[Material provided]
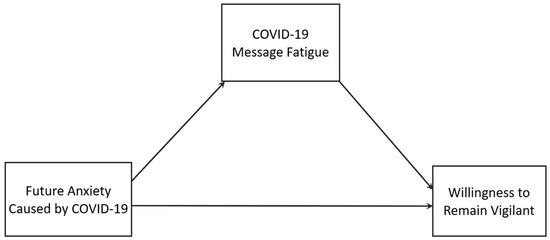 Anxiety about the future due to COVID-19 may increase another specific type of fatigue—message fatigue. Message fatigue refers to the state of feeling tired of repeatedly receiving similar messages on a given topic [18]. In consideration of the fact that heightened future anxiety due to COVID-19 has been shown to increase fatigue [30,31], future anxiety could also place people in the state of feeling exhausted and worn out upon being heavily exposed to seemingly repetitive messages concerning COVID-19 [41]. This would be highly likely to happen as the pandemic drags on for an extended period of time and people are exposed to news and public health messages related to COVID-19 over and over. Along this line of reasoning, we hypothesized the following:
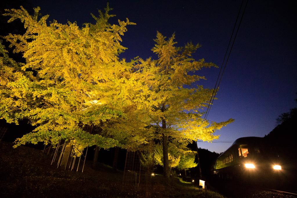 京都丹後鉄道線路沿いの銀杏がライトアップ イベント 2025.10.26 京丹後市網野町・引原峠の中央子午線塔のそばに立つ、樹齢50年以上の銀杏の木が25日㈯からライトアップされ、黄金色に輝きを放っている。 この大銀杏は京都丹後鉄道の線路沿いにあり、ライトアップされた木と列車が交差する瞬間を撮ろうと多くのカメラマンが訪れる人気の撮影スポット。 ライトアップは17時~23時30分頃まで。期間は11月末頃まで、落葉の状況により終了。 問い合わせは、夕日ヶ浦観光協会☎0772-74-9350へ。
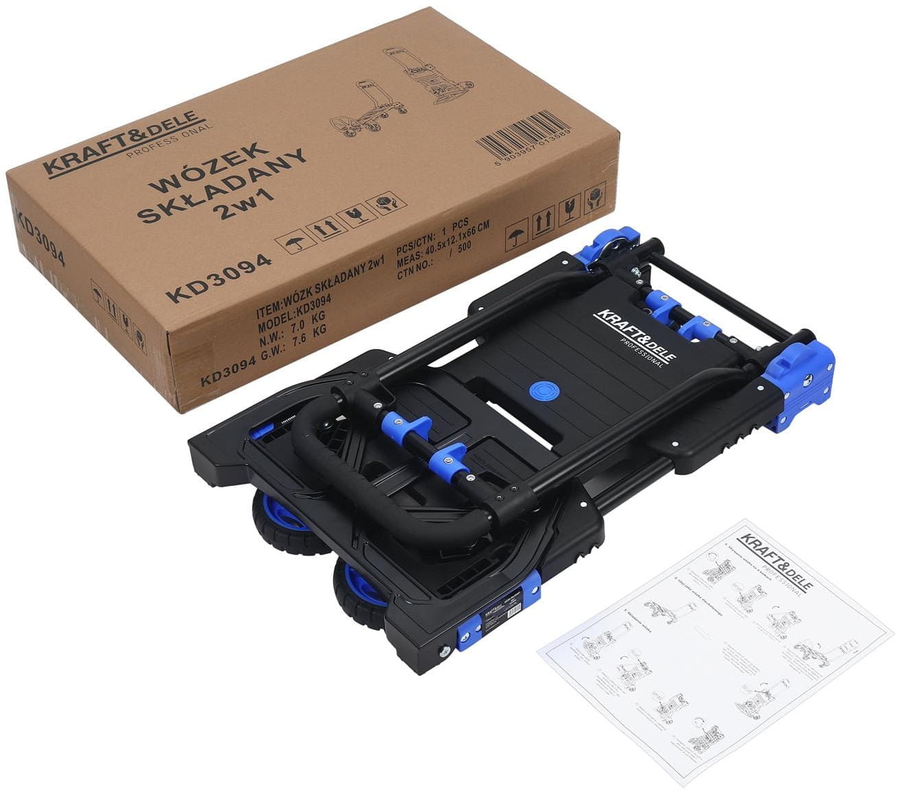 KD3094 to składany wózek platformowy marki Kraft&Dele, który łączy funkcję wózka platformowego i ręcznego. Przeznaczony do transportu ciężkich i nieporęcznych ładunków zarówno w środowiskach magazynowych, jak i w zastosowaniach domowych czy warsztatowych.
[/Material provided]
_About this exercise_
Starting with the line that holds "京都丹後鉄道線路沿いの銀杏がライトアップ イベント 2025.10.26", retype each line through the last one in the listing above, exactly as written. Do not copy any pictures.

_Expected answer_
 京都丹後鉄道線路沿いの銀杏がライトアップ イベント 2025.10.26 京丹後市網野町・引原峠の中央子午線塔のそばに立つ、樹齢50年以上の銀杏の木が25日㈯からライトアップされ、黄金色に輝きを放っている。 この大銀杏は京都丹後鉄道の線路沿いにあり、ライトアップされた木と列車が交差する瞬間を撮ろうと多くのカメラマンが訪れる人気の撮影スポット。 ライトアップは17時~23時30分頃まで。期間は11月末頃まで、落葉の状況により終了。 問い合わせは、夕日ヶ浦観光協会☎0772-74-9350へ。
 KD3094 to składany wózek platformowy marki Kraft&Dele, który łączy funkcję wózka platformowego i ręcznego. Przeznaczony do transportu ciężkich i nieporęcznych ładunków zarówno w środowiskach magazynowych, jak i w zastosowaniach domowych czy warsztatowych.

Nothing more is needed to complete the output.